The original title of the movie is “Strays” and the full German title of the movie is “Doggy Style: Dieser Sommer kommt von hinten,” which translates to “Doggy Style: This summer takes you from behind”. So, um, no, there was nothing accidental about the title.


Every Episode of Sex and the City: Fornication and the Metropolitan Area by ulia DiCesare (YouTube)

“You really gotta keep your head on a swivel.”

This is a lovely satire about how stupid and superficial and egocentric the people in these shows are.

“Him: Women are too emotional to be in government.
Her: [thinking] This one felt different. It felt real.”

[Guy admits to being a necrophiliac.]

[Scene: on a bench, eating ice cream with friend.]

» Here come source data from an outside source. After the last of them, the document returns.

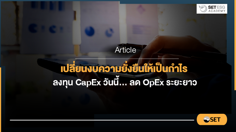 พลิกหนี้เป็นกำไรด้วย ESG...กลยุทธ์ลงทุน (CapEx) เพื่อหั่นต้นทุน (OpEx) และเข้าถึงแหล่งเงินทุนดอกเบี้ยต่ำ
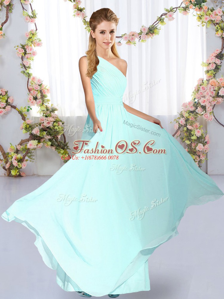 High Quality Blue Lace Up One Shoulder Ruching Bridesmaid Dresses Chiffon Sleeveless
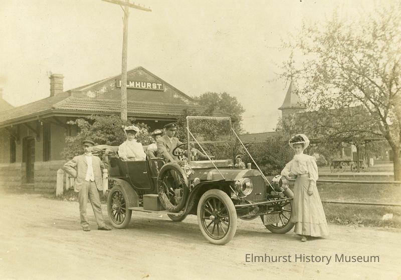 West First Street, looking southeast. The Chicago & North Western Railroad station in Elmhurst is in the background.Photograph Details
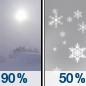 Temperature: 26°F Wind Speed: 5 to 10 mph Wind Direction: S Forecast: A chance of snow showers after 7pm. Mostly cloudy, with a low around 26. |
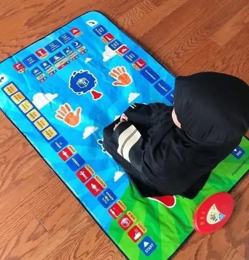 سجادة الصلاة التعليمية 😍❤️ ⭐️ تعليم الأطفال الصلاة من خلال وسيلة مرحة وسهلة وتفاعلية ⭐️ 36 زراً تفاعلياً حساساً يعمل باللمس ⭐️ التحدث بـ 7 لغات: العربية - الإنجليزية - الفرنسية - الأوردية - الماليزية - التركية - الإندونيسية ⭐️ تعليم: الوضوء - الآذان - مواقيت الصلاة - أوضاع الصلاة - تلاوة بعض السور والأدعية ⭐️ كتيب تدريبات للصلاة من 12 صفحة ⭐️ مادة مقاومة للماء ⭐️ مادة مقاومة للحريق ⭐️ نظام لفصل الطاقة تلقائياً ⭐️ قابلة للطي - حجم قابل للتعديل ⭐️ تعمل باستخدام 3 بطاريات AA 🔋 توصيل ضمن الشام وشحن للمحافظات 🚌
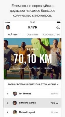 Приложения для бега есть почти у всех крупных производителей спортивной одежды и обуви. В этот список попадает Nike, так как им удалось сделать не просто приложение для индивидуальных тренировок, пусть и с выходом в соцсети, а организовать большое и активное сообщество. Его участники бросают друг другу вызовы, участвуют в виртуальных и оффлайн тренировках, вершина которых — 10-километровый забег в Москве We run Moscow. Так что это приложение для тех, кто хочет не просто тренироваться, а «вступить в клуб». Есть, правда, у него пара недостатков. Первый — долгая и подробная процедура регистрации, которая порядком раздражает. (С другой стороны, пройти её вам предстоит всего один раз). Второй — странная система сбора ряда данных: чтобы не вдаваться в технические детали, отметим только, что для точной работы смартфон придется держать в руке.
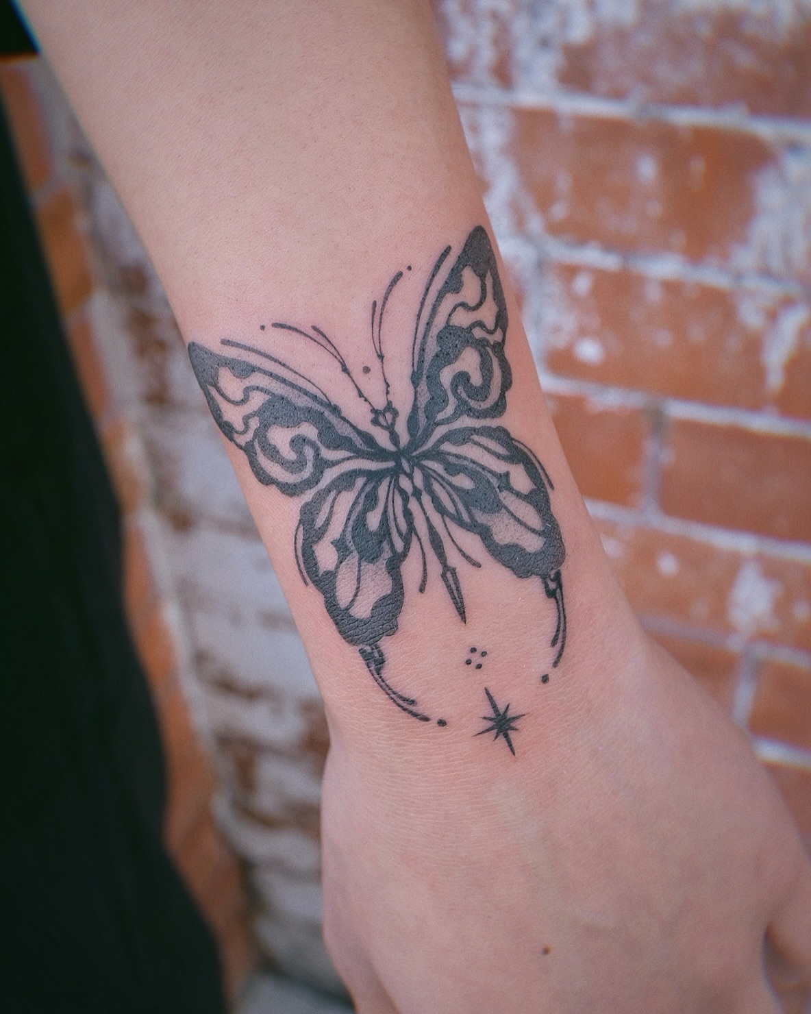 This enchanting butterfly tattoo gracefully adorns the wrist with its delicate wings and intricate details. The design captures the beauty of transformation and freedom, making it a perfect choice for those who love nature. For anyone considering a wrist tattoo, this elegant butterfly can be a daily reminder of beauty and change.
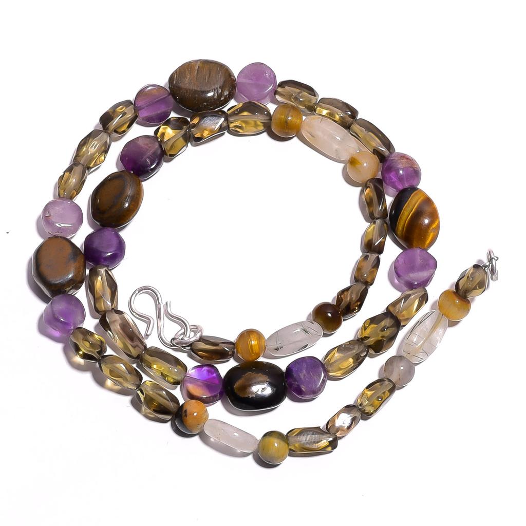 Natural Smoky Quartz Amethyst Tiger Eye Gemstone Beads Necklace 17" UB-4231 UB-4231
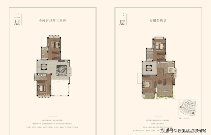 二楼:带有2个卧室,北卧室连接北向超大露台,南卧室带有独立的阳台。三层是一个超级豪华的套房,带有小书房设计,更有南北2个露台;

Friend: You slept with him?
Her: Why are you judging me?
Friend: Oh, I absolutely get to judge you for this.
Her: What about that time you slept with your dentist?
Friend: That’s not weird. I liked it when he put his fingers in my mouth. That’s not a crazy jump.
Her: Did you do anything fun yesterday?
Friend: No. I had my uncle’s funeral.
Her: Right, right right. I forgot. Philip would have loved that.
Friend: Is he bi?
Her: Oh, you mean ‘cause your uncle’s a man?
Friend: Yeah, like, would he like it because he’s dead or because he’s a man, or what’s the…?
Her: I meant because he’s dead. I don’t know how the fluidity of sexuality works with necrophilia.
Friend: Yeah, right … is it regardless of gender? It is just more the dead element is the main thing?
Her: I have no idea.
Friend: Could we call him and ask?

Video Games

“Call of Duty: Black Ops 7” Signals a Franchise in Stasis by Brian Tallerico (RogerEbert.com)

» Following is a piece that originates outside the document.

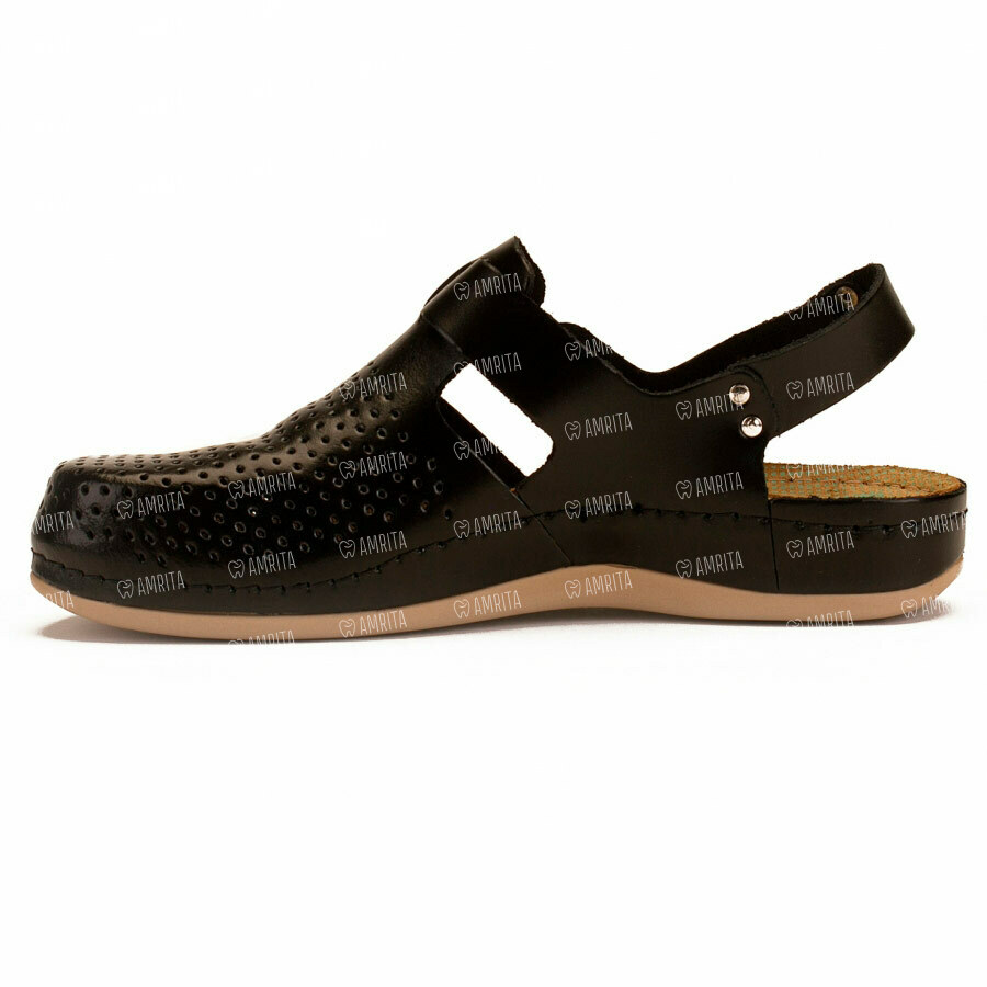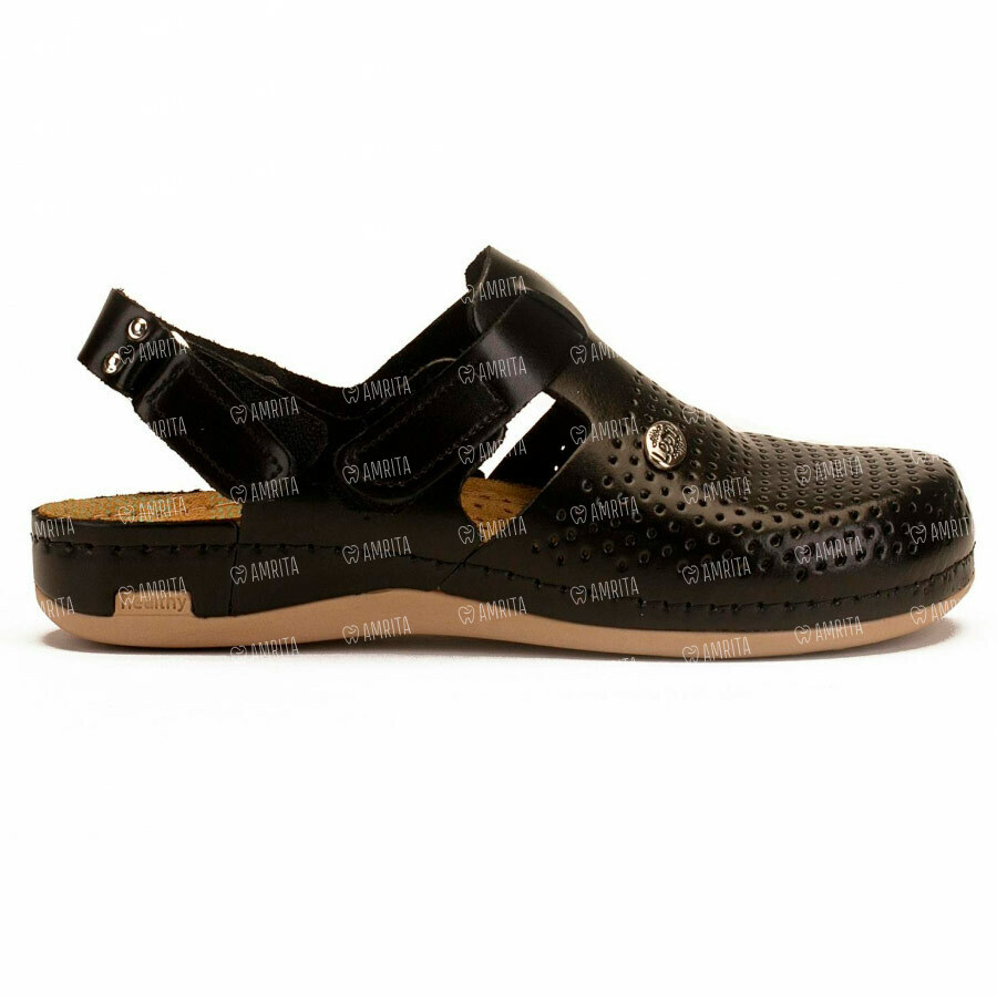 Женские тапочки-сабо Леон 951 — стильная и модная модель обуви из натуральной кожи. Закрытый носок и классический дизайн делают модель универсальной обувью для летних прогулок или ежедневного ношения на работе. ЛЕОН сабо 951 имеют хорошую перфорацию, создающую комфорт и предотвращают потоотделение. Элегантный ремешок, застегивающийся сбоку, дополнительно фиксирует обувь на ноге, позволяя осуществлять корректировку ширины модели.

“Call of Duty: Black Ops 6” was one of the more underrated games of 2025, a blockbuster experience with a genuinely engaging campaign and some of the best multiplayer map design and physics in the genre’s history.
“As defensive as I was about the criticisms often aimed at “Black Ops 6” from people who hadn’t even played it, “Black Ops 7” deserves every one of them. […] To be fair, the actual game mechanics seem to have improved over the last few weeks. But I have to admit I’m a bit exhausted by games that punish their most loyal fans by releasing inferior products that are then fixed through patches.
“[…] it’s hard to shake the feeling that all of this is getting exhaustingly repetitive. Nothing lasts forever. Will the sense that every “Call of Duty” is the same as the last “Call of Duty” eventually catch up with these video game soldiers? Probably not this year, but I don’t believe “Call of Duty” can rest on its success forever without experiencing a decline. The franchise may not need rescuing yet, but the clock is ticking.


A good friend sent me this music video the other day.

The Invincible | Yasna's Song by 11 bit studios (YouTube)

Curious about the game itself, I found the following video.

The Invincible | How Accurate Is It? | Game vs Book Comparison | Story Explained | Stanisław Lem by Morgil the Gamer (YouTube)

This game is based on a book by one of my favorite authors! I can’t remember having read this one, though. I love Stanisław Lem, though. I was incredibly impressed with his magnum opus Summa Technologiae (Electronic Mediations).